Khuong Van Truong pleaded guilty Thursday to counterfeiting charges in one of the largest pirated video cases on the West Coast, the district attorney's office reported.
The case came to light when Truong's 2-year-old son walked into a busy intersection while Truong was not home, Deputy District Attorney Ben Field said.
A passing driver stopped to care for the boy and call police.
When officers arrived, Truong returned home and allowed officers inside the house, where a pirating operation was discovered.
Truong had been making and selling the counterfeit video games, movies and music CDs, and was also found to be in possession of marijuana, illegal mushrooms, steroids and ecstasy, Field said.
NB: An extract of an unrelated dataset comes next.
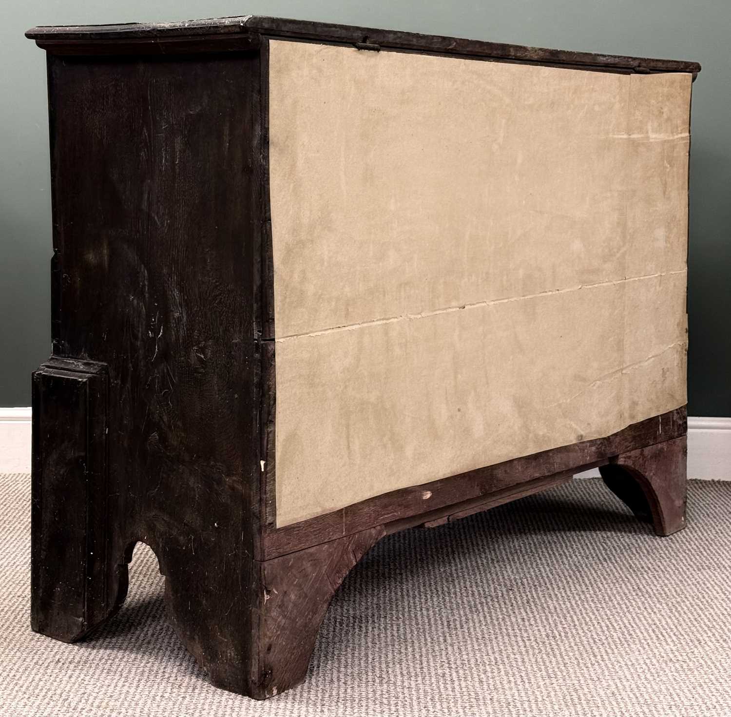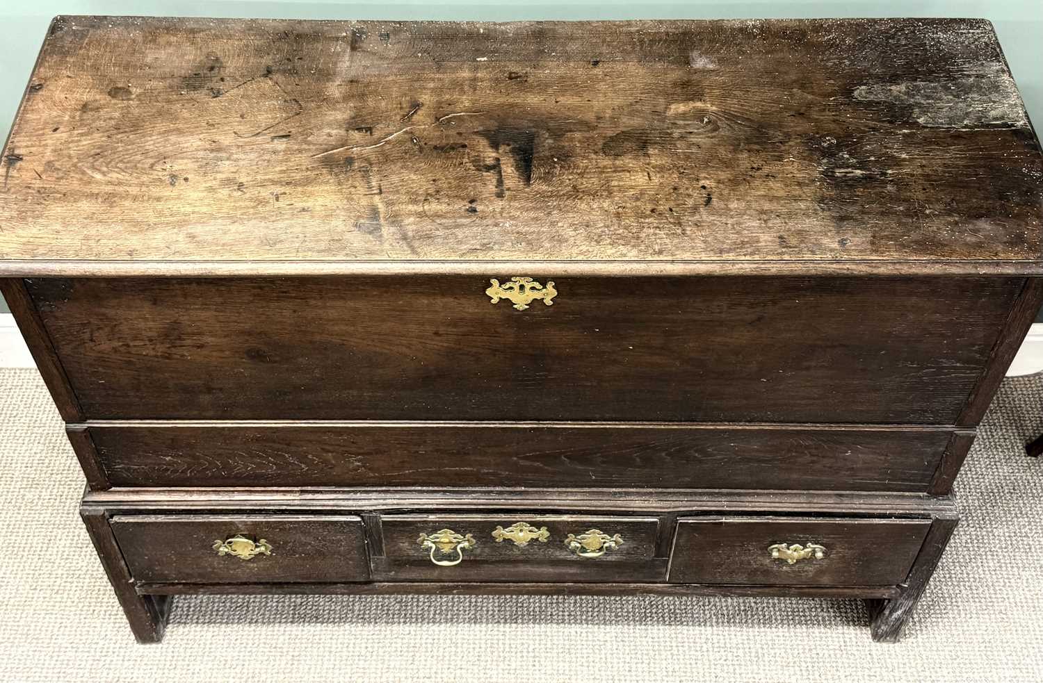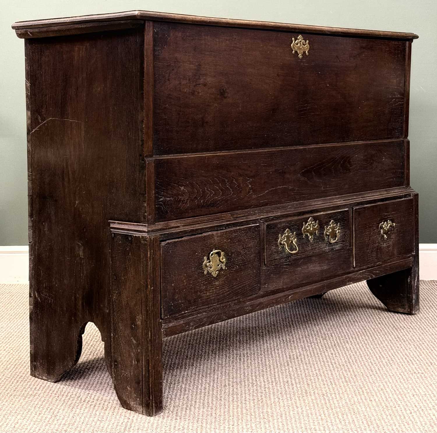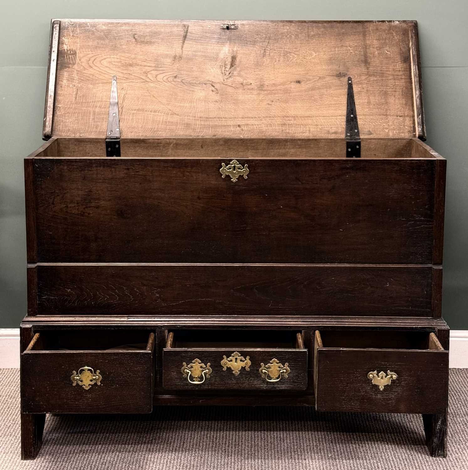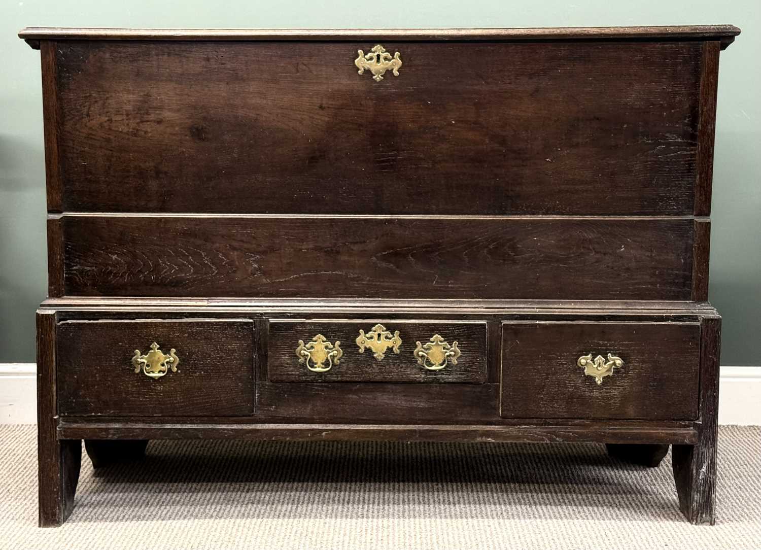 ANTIQUE OAK MULE CHEST, rectangular hinged lid with moulded rim, over three drawers, brass drop
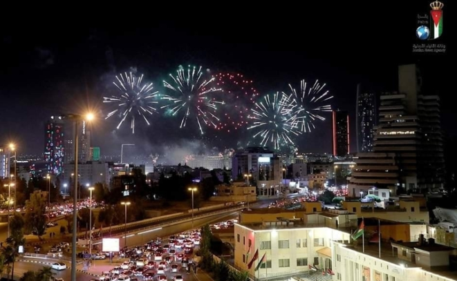 في العاصمة عمّان، ستنطلق الألعاب النارية من جبل القلعة وحدائق الملك عبد الله الثاني ابن الحسين في منطقة المقابلين، بالإضافة إلى أبراج السادس.

Truong was arrested and faced two counterfeiting charges, three felony and one misdemeanor drug charge, and a misdemeanor child endangerment charge.
The court offered Truong a county jail term in exchange for a guilty plea on the counterfeiting, narcotics and child endangerment charges. He will be sentenced before Judge Rene Navarro on Feb. 3 and likely faces about 10 months in jail, according to Field.
Field said the case is an additional warning to the community. "Despite all the warnings on videogames, movies and music CDs not to copy, many people think we don't prosecute counterfeiting," Field said. "But we do."
Field said protecting the developers of software, the producers of movies and the artists who release music is essential.
"Especially here in Silicon Valley," he said.